- WORK ITEM -
The listing below should be printed exactly, though its pictures must not be.

- DATA BLOCK -
*** Begin section ***

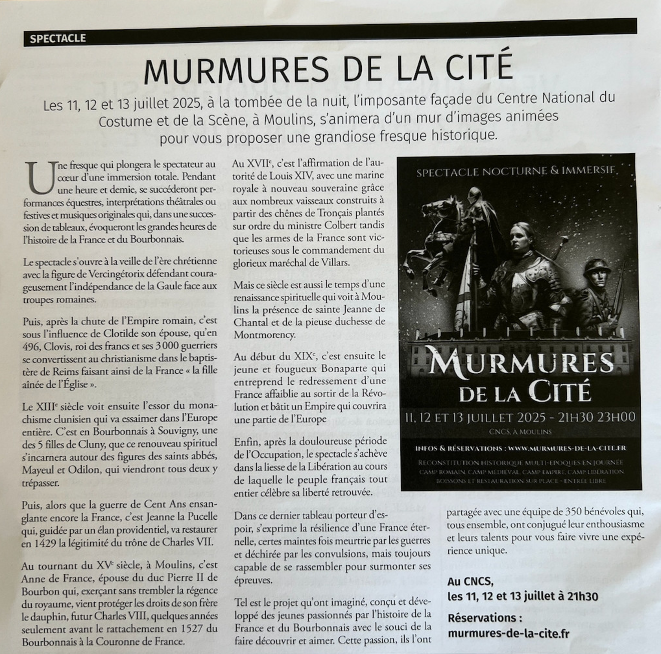 Le spectacle concocté par Murmures de la cité est à l'évidence un spectacle d'extrême droite. Tout l'indique, à commencer par son menu, qui promeut monarchie, christianisme et hommes providentiels (Vercingétorix, Clovis, Napoléon...), comme le faisaient en leur temps les historiens de l'Action française Jacques Bainville et Pierre Gaxotte. Pour évoquer l'Allier ont été convoqué·es les abbés de Cluny Mayeul (vers 910-994) et Odilon (vers 962-1048) inhumés à Souvigny, Anne de Beaujeu (1461-1522), Jeanne de Chantal (1572-1641) et Marie-Félicie des Ursins (1600-1666), ainsi que le maréchal de Villars (1653-1734) : ces choix traduisent une vision pour le moins partielle – pour ne pas dire falsifiée – de l'histoire, comme l'ont souligné les archéologues auvergnat·es en lutte, qui passe notamment sous silence les opposants au coup d'Etat du 2 décembre 1851 (particulièrement nombreux dans les cantons de Lapalisse et du Donjon), l'élection en 1882 du premier maire socialiste Christophe Thivrier (à Commentry), la naissance des premiers syndicats agricoles au début du XXe siècle et les combats de la pionnière Hubertine Auclert (1848-1914) ou de l'institutrice révolutionnaire Jeanne Labourbe (1877-1919) – je recommande la lecture du communiqué « Les Murmures assourdissants de la domination masculine » publié par quatre organisations féministes de l'Allier.
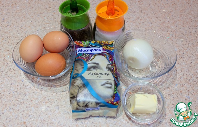 куриные яйца, рис "Мистраль" (смесь дикого и длиннозерного риса), лук репчатый, соль и черный молотый перец, сливочное масло. -
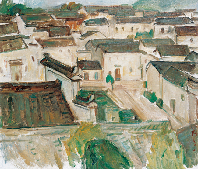 展厅内,名家名作熠熠生辉,引得观者驻足流连。其中,詹建俊的《秋》、赵友萍的《白桦林》笔触厚重凝练,气势雄浑强烈;老油画家王流秋的《孔子庙》、黎冰鸿的《人体》《苗族少女》与费以复的《海浪》,格调雅致脱俗,色彩鲜亮明丽;肖锋、全山石、汪诚一、徐永祥等艺术家的作品,凭借娴熟灵动的表现技法与精妙考究的形式构图,为观者带来别具一格的视觉享受。
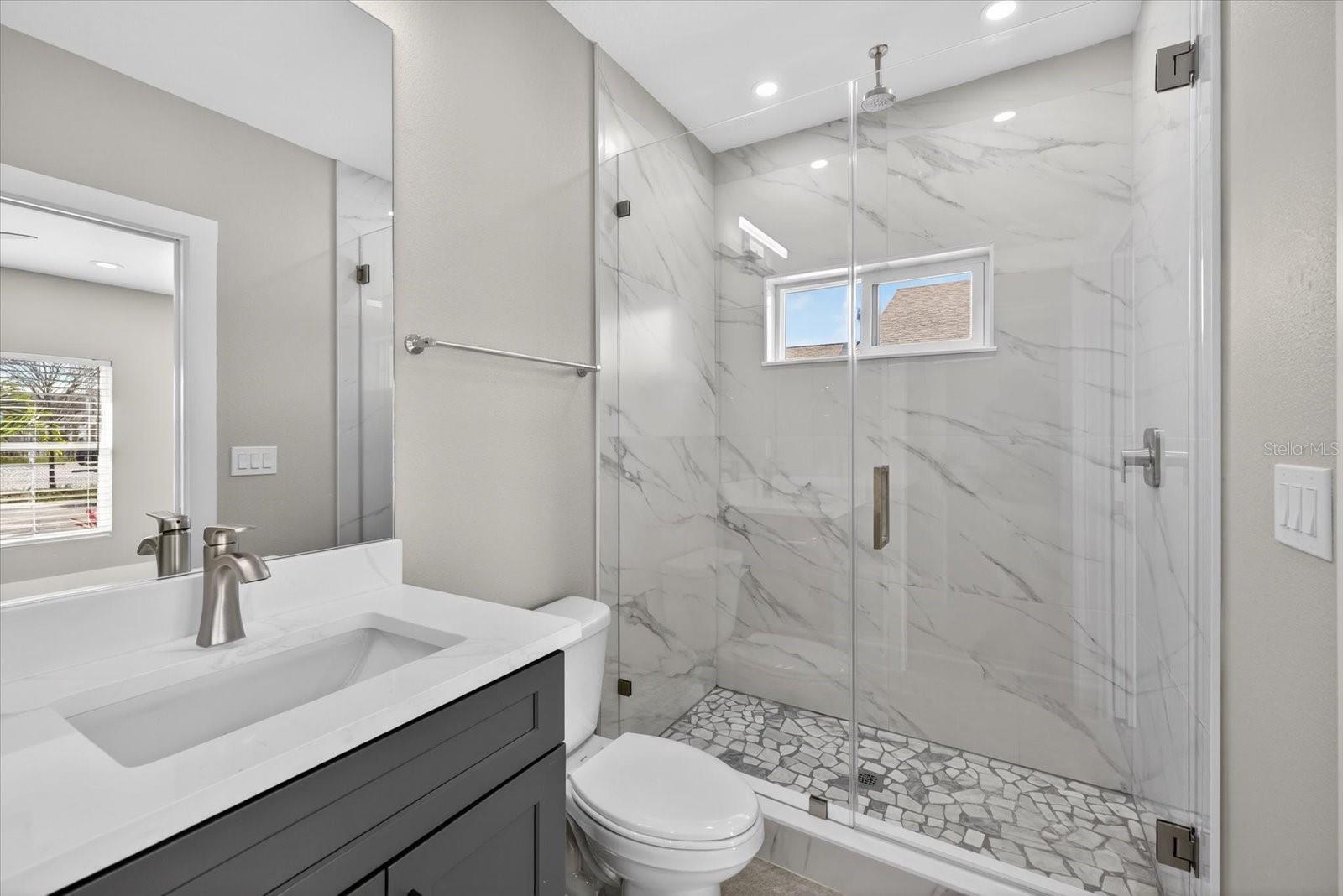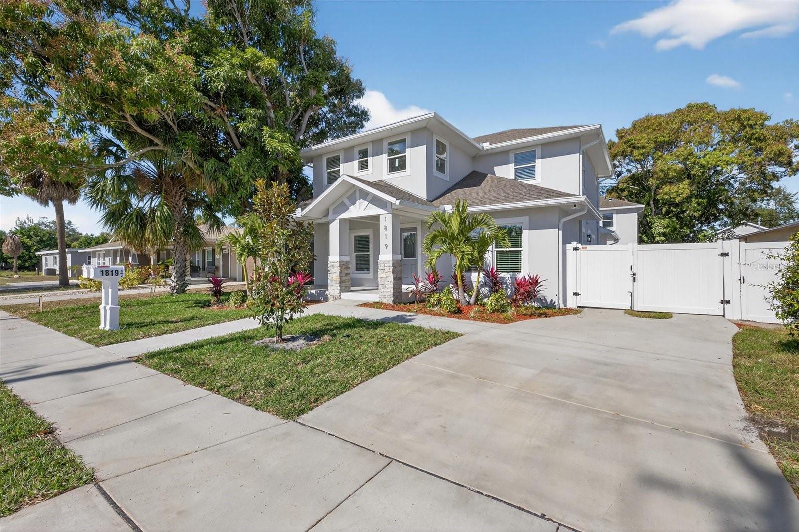 For your consideration [SEE BELOW]: Welcome to an exceptional investment opportunity in the heart of St. Petersburg. This new construction property features a main house with 5 bedrooms and 5.5 bathrooms, complemented by a detached two-car garage with a private Accessory Dwelling Unit (ADU) above. Conveniently located, the home is just one mile from Downtown St. Petersburg and Tropicana Field, and less than a mile from Bayfront Health and Johns Hopkins Hospital. Additionally, the property is situated outside of a flood zone and is only 10 miles from St. Pete Beach. The main house offers a functional open floor plan with luxury vinyl plank (LVP) flooring and abundant natural light. The first floor includes a master suite and a guest suite with walk-in closets, ideal for multi-generational living. The master bath features a dual quartz vanity, a dedicated makeup station, and a glass-enclosed wet area with a freestanding tub and rain head shower. The gourmet kitchen is equipped with wood cabinetry, quartz countertops, stainless steel appliances—including a separate cooktop, hood, and wall oven-microwave combo—an undercounter wine cooler, and a spacious walk-in pantry. French doors lead to a covered rear patio featuring a custom-built outdoor kitchen. The second floor offers a common loft and three additional bedrooms, each with private bathroom access. The detached ADU is a full one-bedroom apartment with an integrated washer/dryer. It features its own address, private access, and separate electric and water meters, making it an ideal rental opportunity. The property is fully enclosed by a six-foot vinyl privacy fence and includes two remote-access garage doors. Don’t miss the chance to explore this beautiful home. Please note that previous property taxes were based on a vacant lot. For an accurate assessment of taxes for this new construction, please contact Pinellas County.

*** End section ***

- ANSWER BOX -
 Le spectacle concocté par Murmures de la cité est à l'évidence un spectacle d'extrême droite. Tout l'indique, à commencer par son menu, qui promeut monarchie, christianisme et hommes providentiels (Vercingétorix, Clovis, Napoléon...), comme le faisaient en leur temps les historiens de l'Action française Jacques Bainville et Pierre Gaxotte. Pour évoquer l'Allier ont été convoqué·es les abbés de Cluny Mayeul (vers 910-994) et Odilon (vers 962-1048) inhumés à Souvigny, Anne de Beaujeu (1461-1522), Jeanne de Chantal (1572-1641) et Marie-Félicie des Ursins (1600-1666), ainsi que le maréchal de Villars (1653-1734) : ces choix traduisent une vision pour le moins partielle – pour ne pas dire falsifiée – de l'histoire, comme l'ont souligné les archéologues auvergnat·es en lutte, qui passe notamment sous silence les opposants au coup d'Etat du 2 décembre 1851 (particulièrement nombreux dans les cantons de Lapalisse et du Donjon), l'élection en 1882 du premier maire socialiste Christophe Thivrier (à Commentry), la naissance des premiers syndicats agricoles au début du XXe siècle et les combats de la pionnière Hubertine Auclert (1848-1914) ou de l'institutrice révolutionnaire Jeanne Labourbe (1877-1919) – je recommande la lecture du communiqué « Les Murmures assourdissants de la domination masculine » publié par quatre organisations féministes de l'Allier.
 куриные яйца, рис "Мистраль" (смесь дикого и длиннозерного риса), лук репчатый, соль и черный молотый перец, сливочное масло. -
 展厅内,名家名作熠熠生辉,引得观者驻足流连。其中,詹建俊的《秋》、赵友萍的《白桦林》笔触厚重凝练,气势雄浑强烈;老油画家王流秋的《孔子庙》、黎冰鸿的《人体》《苗族少女》与费以复的《海浪》,格调雅致脱俗,色彩鲜亮明丽;肖锋、全山石、汪诚一、徐永祥等艺术家的作品,凭借娴熟灵动的表现技法与精妙考究的形式构图,为观者带来别具一格的视觉享受。
 For your consideration [SEE BELOW]: Welcome to an exceptional investment opportunity in the heart of St. Petersburg. This new construction property features a main house with 5 bedrooms and 5.5 bathrooms, complemented by a detached two-car garage with a private Accessory Dwelling Unit (ADU) above. Conveniently located, the home is just one mile from Downtown St. Petersburg and Tropicana Field, and less than a mile from Bayfront Health and Johns Hopkins Hospital. Additionally, the property is situated outside of a flood zone and is only 10 miles from St. Pete Beach. The main house offers a functional open floor plan with luxury vinyl plank (LVP) flooring and abundant natural light. The first floor includes a master suite and a guest suite with walk-in closets, ideal for multi-generational living. The master bath features a dual quartz vanity, a dedicated makeup station, and a glass-enclosed wet area with a freestanding tub and rain head shower. The gourmet kitchen is equipped with wood cabinetry, quartz countertops, stainless steel appliances—including a separate cooktop, hood, and wall oven-microwave combo—an undercounter wine cooler, and a spacious walk-in pantry. French doors lead to a covered rear patio featuring a custom-built outdoor kitchen. The second floor offers a common loft and three additional bedrooms, each with private bathroom access. The detached ADU is a full one-bedroom apartment with an integrated washer/dryer. It features its own address, private access, and separate electric and water meters, making it an ideal rental opportunity. The property is fully enclosed by a six-foot vinyl privacy fence and includes two remote-access garage doors. Don’t miss the chance to explore this beautiful home. Please note that previous property taxes were based on a vacant lot. For an accurate assessment of taxes for this new construction, please contact Pinellas County.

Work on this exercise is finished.